“We all should know that diversity makes for a rich tapestry, and we must understand that all the threads of the tapestry are equal in value no matter what their color…”
“It is time for parents to teach young people early on that in diversity there is beauty and there is strength.” – Maya Angelou
One of the topics concerning youth I find myself often researching and learning about is identity, especially how young people view themselves and others. One area in particular is relating to race and ethnic background – how do young people see themselves and others? In my college “Women & Minorities in the Media” course I did a final paper on African American girls and how the media and role models in their lives affect the way they grow up and pursue careers.

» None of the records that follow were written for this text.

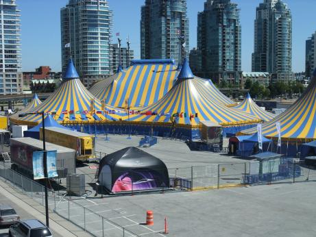 Then I set off for some sightseeing (gosh, I was still motivated then…). First down to BC Stadium, where the awesome BC Lions play, but which is currently being renovated (so no watching football for me 🙁 ), then past the casino, and towards Science World, but before that, the unmistakable tents of Cirque du Soleil crossed my path once again.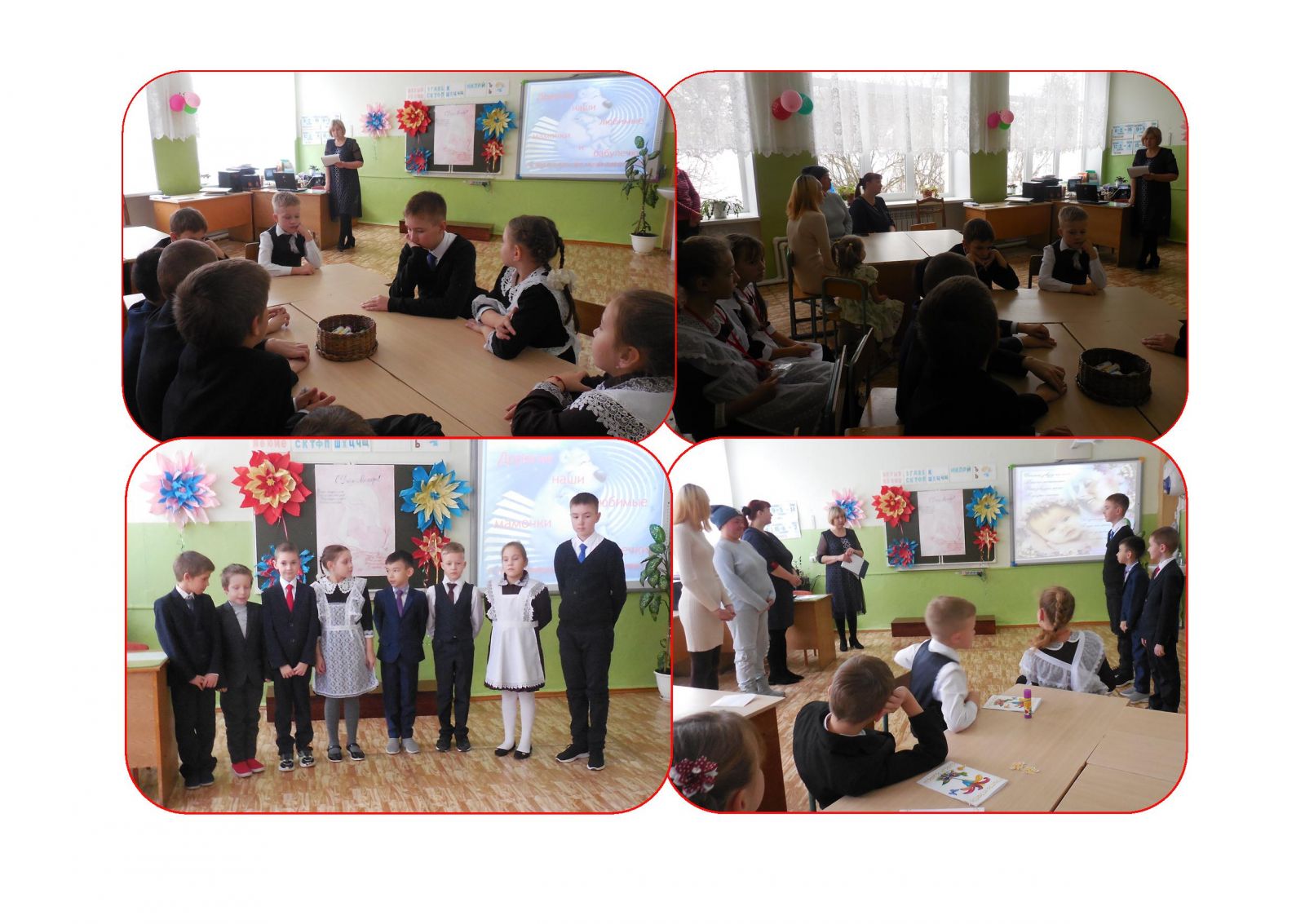 Ученики 1-4 классов пригласили на конкурсную программу своих мам для того, чтобы не только посостязаться с ними в конкурсах, но и выразить слова признательности за любовь, ласку, доброту, нежность. Ребята исполнили песни и стихи, которые пронизаны чувством радости, уважения и благодарности ко всем мамам на свете за безмятежное детствоих детей.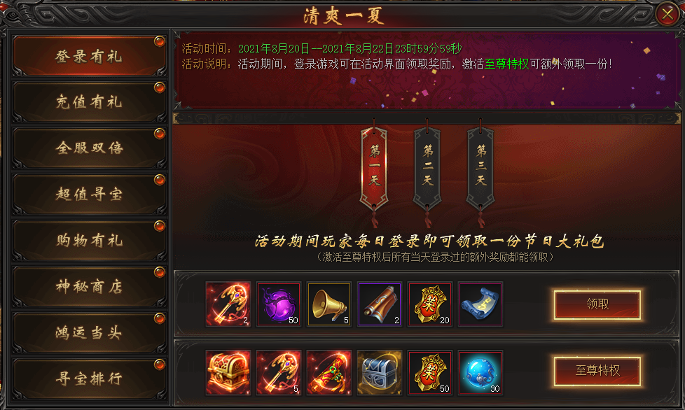 活动说明:活动期间,每日登录游戏可领取奖励,激活至尊特权可额外领取一份!
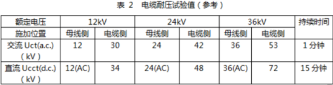 在與電纜連接的每一極上依次施加額定電纜試驗電壓Uct(a.c.)或Uct(d.c.), 其他非試極電纜應接地。a)與b)的試驗電壓應同時施加。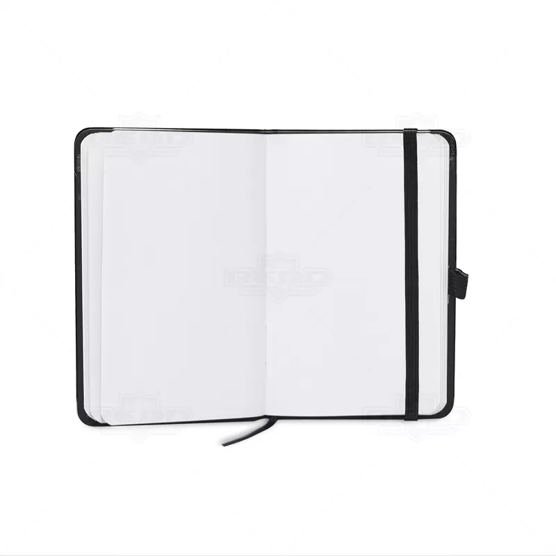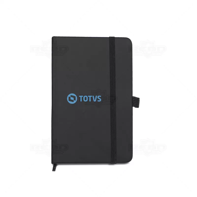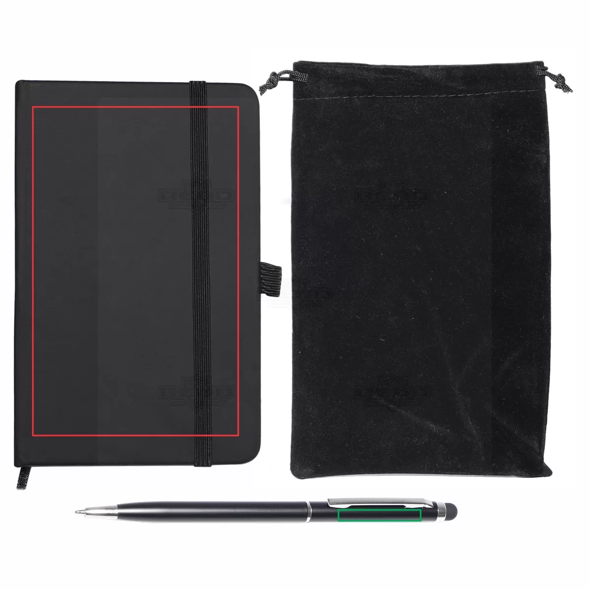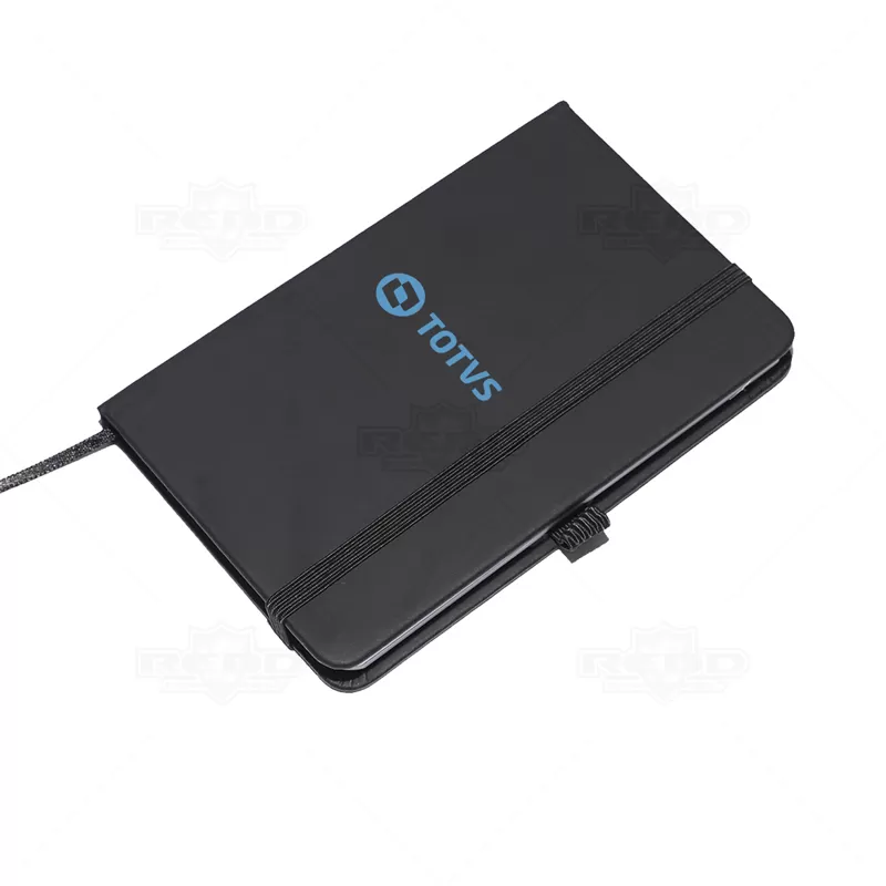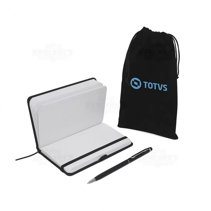 Bloco de anotações com caneta esferográfica personalizado. Possui 1 caneta esferográfica com escrita azul, bloco de anotações em material sintético com 80 folhas não pautadas brancas, marca páginas e elástico para fechamento e estojo de veludo com cordão para fechamento. Ótima opção para eventos corporativos, campanhas publicitárias e brindes promocionais.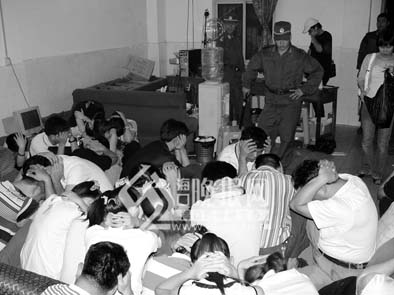 2007年7月24日零時許,當公安干警來到賭場樓下時,由于大門緊閉,東方市邊防支隊的10名身著便裝的民警想扮成賭徒混進賭場,但被戒備心強的看場子人員擋了出來。民警只好采取強攻的辦法。東方市邊防支隊指派兩名民警翻墻入院內(nèi)打開大門,并率先沖向賭場的三樓,其余民警也緊隨其后沖進賭場。警方當場抓獲參賭人員和為賭場服務(wù)的人員共61人,其中有賭場老板林軍、“看場”人員鄭永武、李道武和湯榮福,賭場的服務(wù)人員20人,參賭人員37人,繳獲人民幣100374元等。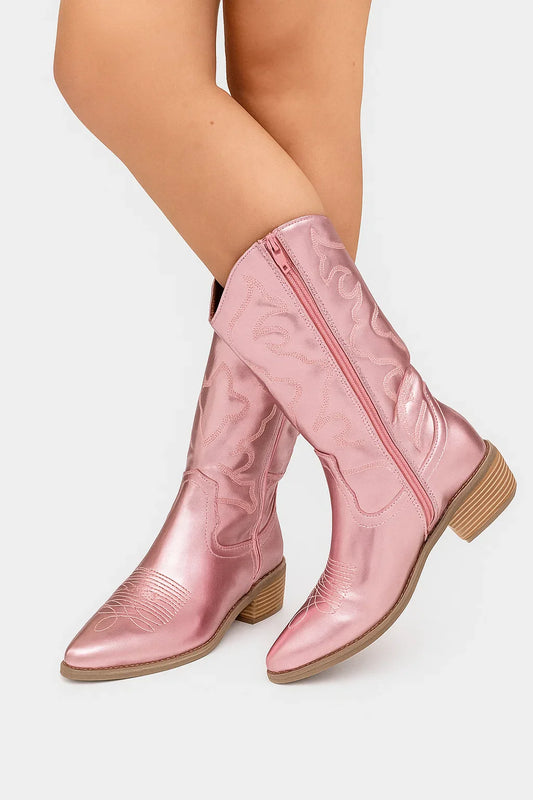 Women's Cowboy Boots Metallic Elegant Western Design High Quality Pointed Toe Comfortable Insole

Are we as adults and educators teaching children to see beyond color? Will the environment’s we live in and experiences we have had always have an effect on our world paradigm? Below are a few pieces and resources on this subject:
Colour Me – The Feature Film
Colour Me is a feature-length documentary film from Red Piano Productions following motivational speaker Anthony McLean and five youth on their journey to discover what it means “to be black”. McLean himself is biracial and talks about the struggles he felt growing up trying to find where he “fit in.” Watch this development reel from the documentary:
“A Girl Like Me” A Short Documentary Film by Kiri Davis
A few years back (then 17-year-old) Harlem student Kiri Davis recreated the famous doll experiment of the 1940’s by psychologist Dr. Kenneth Clark. Children were presented with dolls of different races to see how they responded to them. Kiri received recognition from various outlets for the film and was featured on the Oprah Winfrey Show, bringing the subject to the forefront to be discussed – have perceptions changed? Click here to learn more about Kiri Davis on her website.
CNN Report: Black or White: Kids on Race (May 2010 – Click here for the full report)
CNN commissioned a study on children’s racial beliefs, attitudes and preferences that shows black and white children are biased toward lighter skin. The test aimed to re-create the landmark Doll Test from 1940s. The two girls at the end of the video have so much wisdom and see the reality that “you don’t judge someone by the way they look but by the way they act.” Though it was sad to see when some didn’t realize their worth, it’s refreshing to see that some really “get it”.